Title: 5-Minute Orthopaedic Consult, 2nd Edition
Copyright ©2007 Lippincott Williams & Wilkins
> Table of Contents > Cervical Spine Anatomy and Examination
Cervical Spine Anatomy and Examination
Sergio A. Glait BS
Sanjog Mathur MD
A. Jay Khanna MD
Basics
Description
Anatomy:
The cervical spine contains 7 cervical vertebrae, from which arise 8 nerve roots.
The normal cervical spine has a lordotic curvature.
Intact functional cervical vertebrae are vital because they protect both the spinal cord and the vertebral artery.

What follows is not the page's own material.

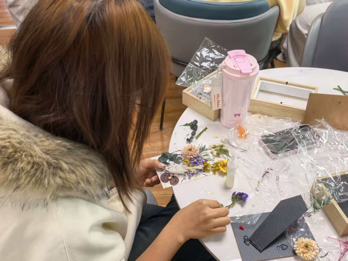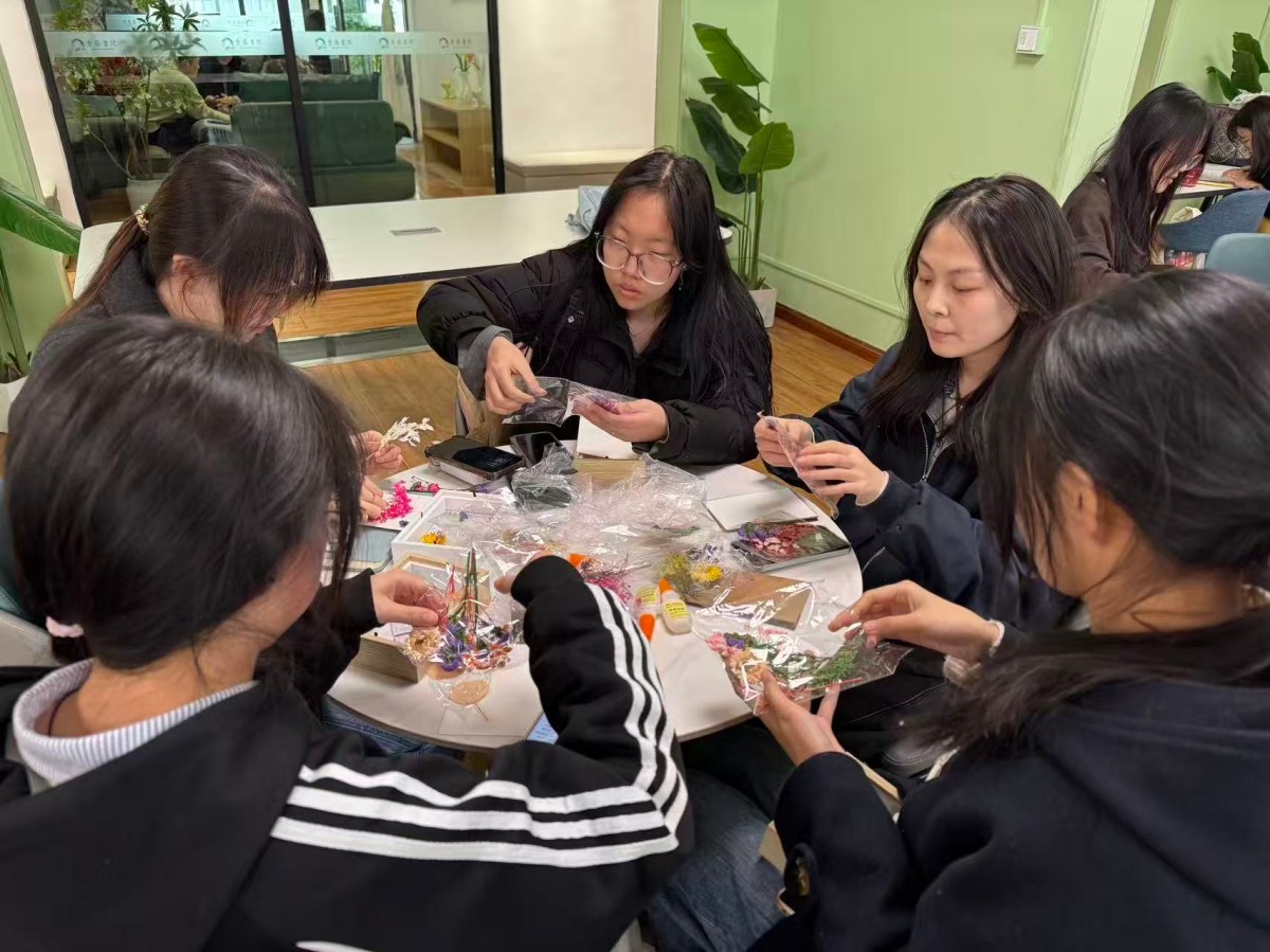 3月19日,英语2501班在青藤书院101青藤·共享厅开展“以花为笺,定格青春”干花相框制作活动。同学们以花为媒、以手为桥,精心挑选花材、认真构思布局、协作粘贴装饰,将春日的浪漫与美好一一封存在方寸相框之间。制作过程中,大家互相帮助、互享灵感,耐心调整层次与疏密,在反复打磨中体会创作的乐趣与匠心。这不仅是一场审美与动手能力的提升,更是一次温暖治愈的班级相聚。活动定格了春日花影,珍藏了青春情谊,让班级在温暖相伴中愈发团结向上。

Of the 8 nerve roots that arise from the
cervical vertebrae, all but 1 (C8) exit above their numbered vertebral
body through the vertebral foramina; C8 exits below its numbered
vertebral body.
Vertebral anatomic structures consist of 2 lamina, 2 arches, 2 pedicles, 2 transverse processes, a spinous process, and a body.
C1 and C2 are unique in that C1 (atlas)
lacks a vertebral body and C2 (axis) has a bony protrusion on the
superior side of the body called the “odontoid process.”Most flexion and extension occurs at the atlanto-occipital joint, whereas rotation occurs mostly at the atlantoaxial joint (1).
Diagnosis
Signs and Symptoms
Physical Exam
The cervical spine provides support and stability to the head while allowing for a wide ROM.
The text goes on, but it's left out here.